Scores of Jefferson City employees milled about in The Linc, playing cornhole and “volley pong,” shooting baskets and eating their lunches.
They laughed at colleagues’ jokes and slapped one another on the back after a particularly good shot.
All the while, they gave wide berth to a table in the midst of the fun.
On the table stood a “Pie Face!” game, its shiny, hard plastic, purple hand prepared to sour someone’s day.
The gathering was all for a good cause, according to Todd Spalding, the city’s director of Parks, Recreation and Forestry. It was a fundraiser and rally for the United Way of Central Missouri.
Spalding was one of three city leaders who would sit at the table and take their chances with a potential face full of whipped cream. Mayor Carrie Tergin and Fire Department Chief Matthew Schoffield joined him at the table.
Each took turns, placing their chins on the game piece, clicking a dial and hoping the device didn’t release the hand.
Schoffield was the first to receive a face full of whipped topping.
Then, Tergin was victimized.
That left Spalding thinking he’d gotten away with something.
Not so fast.
For weeks, the city has been collecting pennies during Penny Wars. Jars with images of city leaders’ faces have filled with change and paper money over the summer.

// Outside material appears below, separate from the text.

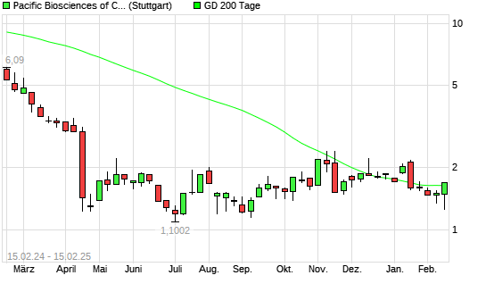 Mit dem Anstieg auf 1,72 EUR hat die Pacific Biosciences of California-Aktie am 14.02.2025 die 200-Tage-Linie nach oben gekreuzt.

The two jars receiving the most money identified who among the directors would each receive a full-size pie in the face.
Donations for the pie challenge raised $1,067 for the United Way.
Spalding was one “winner.”
The other on Thursday was Sonny Sanders, director of planning and protective services within the traffic division.
And the victors of a corn hole tournament held during Thursday’s event — Nick Bax and Matt Ebeler — got the privilege of delivering the pies.
Employees circled around the men and cheered when they hit the directors’ faces with pies.
The corn hole tournament raised another $150 for the United Way.
Spalding laughed after the event.
“We (including Sanders) were the losers on multiple levels,” he said.
“It’s just fun to see all the staff coming together like this for a good cause. It’s just fun,” he said. “It tastes good.”
Tergin said she couldn’t remember any previous pie-in-the-face events the city had conducted. It has held dunking booths. She pointed out that she’s been dunked … a lot.
The events build teamwork and camaraderie, she said. It brings staff together who don’t interact often.
“We have fun activities every year. We do something new and different for the United Way every year,” Tergin said. “Our community is very generous and tries to set a good example.”